# FreeBSD 10 can't boot only on my PC.



## slavka (Apr 14, 2014)

Hi!

I've just installed FreeBSD 10. I choose "Automatic Root-on-ZFS" when installer asked me about partition, . After installing (without errors), my PC can't load, because BIOS says, that it can't find any boot device. Ok, I've checked BIOS for hard disk boot order (twice  and I've updated BIOS by newest version), boot order, I've unpluged my CD-ROM and my PC has only one HDD, on which I installed FreeBSD. I tried to install FreeBSD using UFS. I replaced my HDD on new, which I just buy. No result. But other OSs install without this problem (FreeBSD 9, Linux, Windows).

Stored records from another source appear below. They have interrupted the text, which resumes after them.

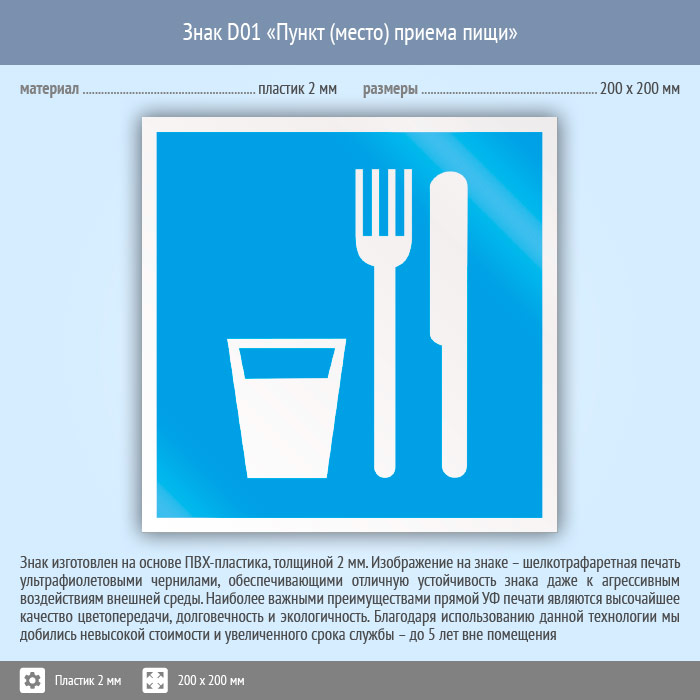 Знак D01 «Пункт (место) приема пищи» (пластик, 200х200 мм) в Новокузнецке купить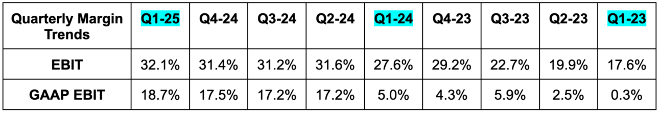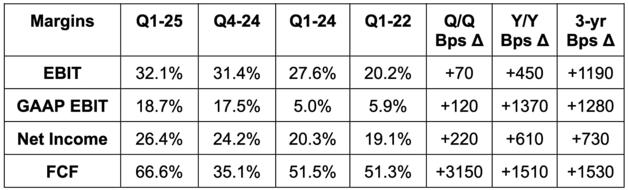 - Lowered annual GAAP EBIT margin guidance from 20.4% to 19.9%. This was related to lower-than-expected voluntary employee attrition, which isn’t all that concerning in my view.
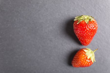 Fresh ripe strawberries on black slate
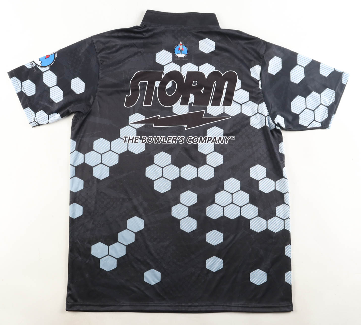 Rocket Bowling jersey. Everything sewn on, size XL. Hand-signed and inscribed by Pete Weber (HOF).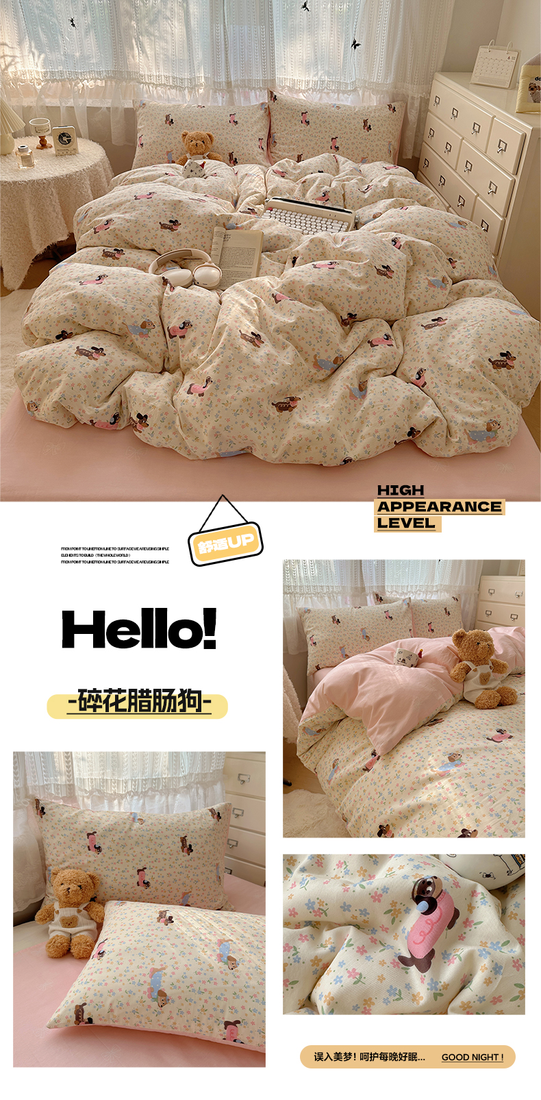 当前位置: 91家纺网 > 商品网购 > 床品套件 > 四件套 > 全棉普通四件套 > 雅居纺家纺 2025春夏新款全棉纯棉印花四件套 高西地狗狗

FreeBSD 10 installs without problems from this CD onto two other PCs , using ZFS or UFS, .

Finally, I've tried to use different ISO images (CD and DVD), because I thought that first image could be broken. And it did not succeed.

And when I've plug in HDD with "installed" and not bootable FreeBSD in another PC, it works, and system loading successful! It can't load only this PC! I have Intel DP965LT motherboard and latest BIOS version.

What could be the problem?

Thanks!


----------



## Yaro (Apr 14, 2014)

I have the same problem

On my (new) machine:
- ASUS mainboard P9D WS
- RAID controller 3Ware 9750-4i   ( RAID1  2x 1TB disk , UFS )

Only FreeBSD 10 doesn't boot after Install (FreeBSD 9.2 installs and boots without problem).

Any idea?

PS
I tried  'FreeBSD-10.0-STABLE-amd64-20140413-r264414-disc1.iso' with the same result


----------